Data quality and limitations

This study represents the first large-scale analysis of patients undergoing carrier screening for an extensive list of recessive disorders in a clinical setting. As such, the data provide the first report of carrier frequencies for many rare disorders in multiple ethnic groups and are an important resource for guiding diagnosis, treatment, and prevention of Mendelian disease.

Because our assay was based on targeted genotyping, we were able to find only carriers of particular disease-causing mutations, not all carriers of each disease. (Patient reports explain that genotyping can only establish risk reduction, not risk elimination.) Consequently, the disease frequencies we report should be considered lower bounds, as there are other disease-causing alleles not surveyed here. Further examination of each individual disease on an allelic basis will help elucidate important data points such as overall carrier frequency, disease penetrance, and clinical sensitivity.

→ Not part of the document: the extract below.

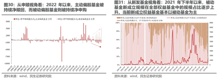 与之对应的是,从权益基金负债端的趋势来看,伴随着ETF逐步表现占优,被动基金对于主动基金的替代自2021年下半年以来就初现端倪:一方面,从新发基金的构成来看,2021年下半年以来,被动基金新成立规模在全部权益基金中的规模占比逐步上升,而当前新成立权益基金基本以被动基金为主;另一方面,从申赎视角看,2022年以来,主动偏股基金被持续净赎回,而被动偏股基金则被持续净申购。政策鼓励下,主动基金与ETF之间在负债端的“此消彼长”是被动崛起的另一重要因素。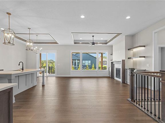 UPDATED PICTURES & FRESHLY STAGED MODEL! Now move-in ready! Introducing the new Fairfield Expanded by Inspired Homes! This fantastic Reverse 1.5 Story now boasts over 3,000 SF and is situated on a large corner lot! As one of our most popular plans, it features an open concept great room, a kitchen with ample cabinetry and counterspace (plus a HUGE walk-in pantry), and a dining area with wall-to-wall windows. The primary bedroom is spacious, having enough room for King-size furniture, and also features a spectacular bathroom and closet space, which is adjacent to your main level laundry room. The large basement has a spacious rec room, fireplace, and wet bar, while also having two additional bedrooms and a full bath for family or guests. Even though this home sits on a flat lot, the builder included an OVERSIZED covered deck with stairs leading down to the lower patio! This home includes an expanded 20’covered patio to enjoy your beautiful, flat backyard space! Inspired Homes also includes extra deep garages, 8’ garage & front doors, irrigation systems, garage openers, gas range cooking with built in SS appliances, low-e Pella windows and doors, custom wood cabinetry, tray ceilings; and the list goes on! Designer options for this home feature a lower level fireplace & wet bar, custom wood trimmed wall detail, upgraded lighting, upgraded quartz countertops, built-in cabinets & shelving in great room, direct access to laundry room from the primary closet, and a HUGE walk-in pantry! The Huntford community offers oversized 85'+ wide lots surrounded by mature trees and adjacent to Prairie Highlands golf course. Low HOA fees and less than 10 minutes from K7/I-35 highway and a short drive to Lake Olathe, Prairie Center Nature Preserves, KC Winery, and the NEW Cedar Niles Trail system!

Although our targeted genotyping data is not comprehensive, it is a significant improvement on carrier rate estimation based on disease incidence rates. Such estimation suffers from statistical challenges such as underreporting of mild phenotypes and embryonic/child mortality affecting the assumptions of Hardy–Weinberg equilibrium.24,29,30 In contrast, our data come from directly assaying carrier genotypes rather than relying on mapping from phenotypic incidence to genotype.

Comparison to previously published carrier frequencies

Table 5 shows, for each ethnic group with n > 500 in our data set, the 10 most commonly detected diseases, along with our estimates and literature estimates for carrier frequency. For a handful of disease/ethnicity pairings, we were unable to find a previously published estimate. For most diseases, particularly in the well-studied Northwestern European and Ashkenazi Jewish populations, our estimates are similar to previously published estimates of carrier frequency. However, there are some notable outliers.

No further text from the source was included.